Today’s modern solutions put an end to static routing guides by creating an interactive portal that gives shippers the ability to make dynamic routing decisions up to the last minute.

These platforms are rules-based and highly configurable, so shippers are able to program the system to account for a range of different scenarios. For instance, when a supplier alerts the shipper, via the portal, that a P.O. will be ready to ship next Tuesday, the system automatically compares that ship date with the required arrival data and routes it in the most economical way. Smart systems allow all this to happen without any manual intervention by the shipper.

Worst Practice #4

Doing air and ocean freight bill audits manually

Air and ocean freight audits are fragmented, laborious processes.

The process starts tamely enough with verification that the invoiced dollar amounts are correct. But Finance can’t just pay the bill, they have to account for the expense. That’s when the trouble begins.

With international, you could have multiple bills of lading (BOLs) per container and multiple P.O.s per BOL…and the information on the BOL may not be linked to the P.O. so someone must refer back to the manifest...and then determine what percentage of the freight should be assigned to each P.O....and assign a GL code to each P.O.…and manually key in the data…


The process is like divvying up a restaurant bill evenly between four families when everyone has eaten different things. Now multiply that by your own annual freight bill volume and you get a flavor for the challenge that manual global freight bill audits pose to finance teams.

A better way is to leverage new platforms for managing global freight audits. These collaborative platforms receive data inputs from carriers, 3PLs and forwarders, and then automatically validate the correct invoices and isolate discrepancies. Some solutions combine this technology platform with efficient resources to manage the exceptions. In such cases, you, as the shipper, receive a 100% audit solution while getting involved in less than 1% of transactions.

CASE IN POINT: A consumer product company, America’s 28th largest importer, invested in a global TMS from Acuitive Solutions to manage pre-payment invoice audit for 35,000 annual ocean containers. The company estimates a hundred-fold payback on the software investment based on an ability to free up and redeploy valuable staff resources.

Worst Practice #5

Not allocating freight costs to the P.O. level

It remains common practice to pay freight bills without allocating costs to a P.O. This eliminates any accountability for freight choices – particularly for the use of costly air freight. No system means no control.

Buyers like the freedom to ship air when they want. CFOs, on the other hand, hate when freight decisions are driven by emotion and not data-validated timing concerns.

You want these costs to hit the buyer’s margin.

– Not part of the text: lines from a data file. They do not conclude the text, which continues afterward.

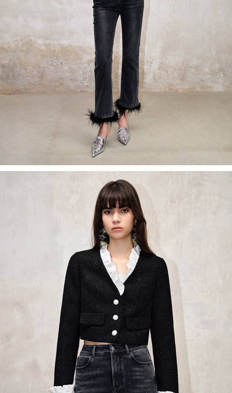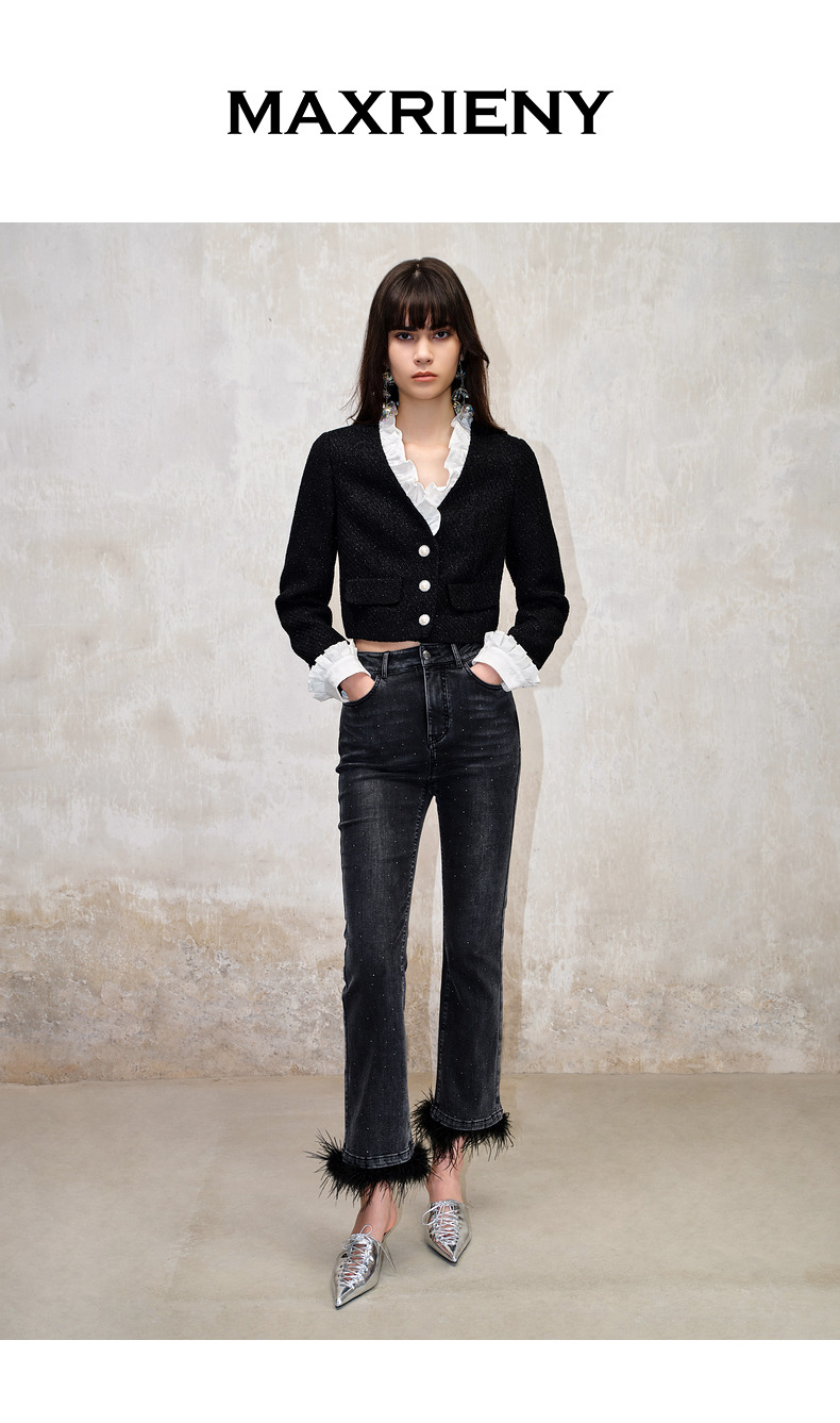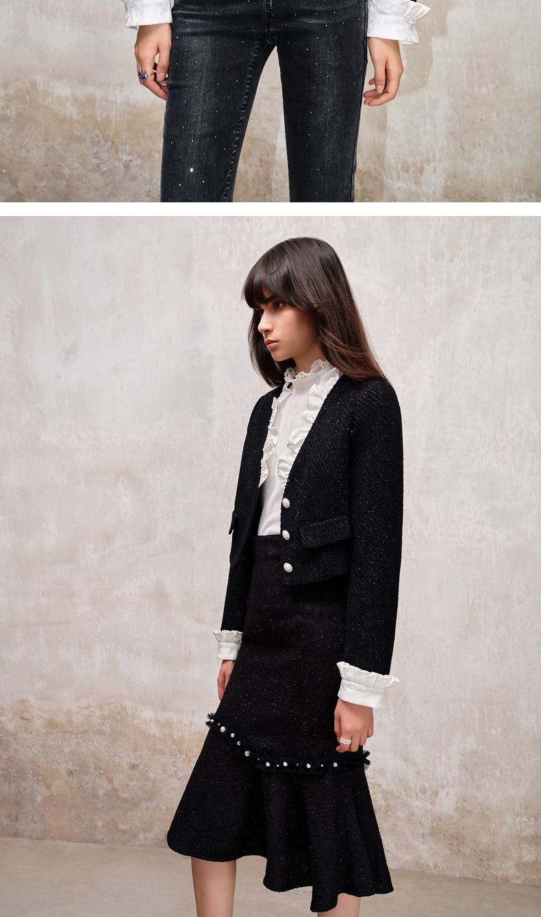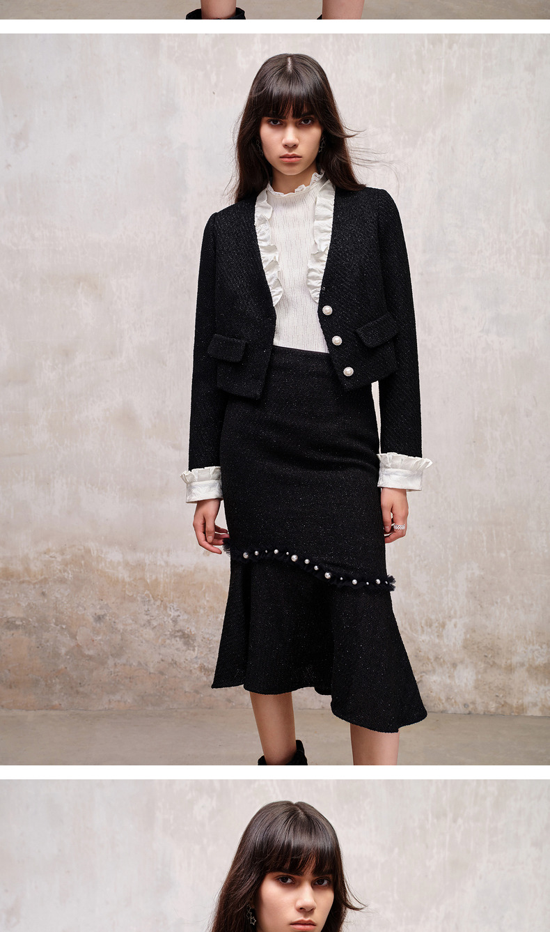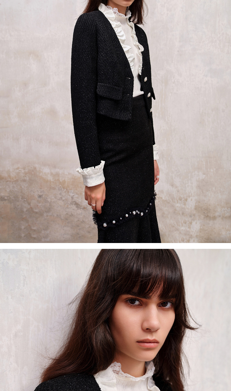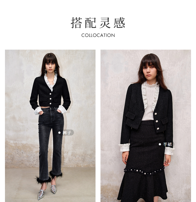 MAXRIENY*复古小香风撞色领口荷叶外套高级(货号:MS88JA508)
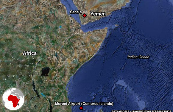 Avionul A310 al companiei Yemenia îşi îmbarcase pasagerii la Sanaa, în Yemen, pentru a se deplasa la Moroni, prin Djibouti.
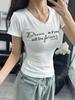 Camiseta Feminina Americana Hot Girl Decote V Estampada com Letras Manga Curta para Mulheres 2025 Verão Nova Puro Desejo Look Emagrecedor e Top Elegante
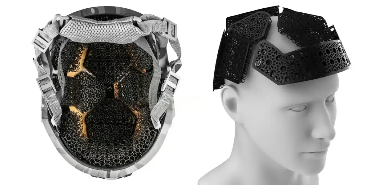 На території США на внутрішньому ринку вже понад рік пропонується система набивання шолома Hard Head Veterans. Її особливість полягає в наявності ґратчастого набивання з карбону, який створений на 3D-принтері. За результатами експериментів стало зрозуміло, що подушечки для шоломів Micro Lattice (призначені для балістичних, тактичних та інших типів шоломів) здатні зменшити рівень деформації задньої поверхні до 66% краще, ніж це роблять стандартні подушечки.

Unless buyers know they may need to explain this expense, they will make emotional decisions on expedites. Specialized global TMS systems take this choice out of buyers’ hands by making this cost allocation part of the automated workflow.

Tame the chaos of inbound global freight management

The sheer complexity of international freight has made it difficult to automate a labor-intensive process that, for years, has relied upon static documents and redundant data entry.

Difficult, but not impossible.

The newest global TMS solutions are designed for today’s complex supply chains, using cloud-based platforms where partners can access a common database and collaborate on process execution. They replace manual steps with rules-based workflows that automatically rate, route and audit air and ocean shipments faster, with less people.

Inbound global shipment management is highly complex, for sure. But that’s not a reason to avoid technology-based solutions that automate processes. It’s a reason to embrace them.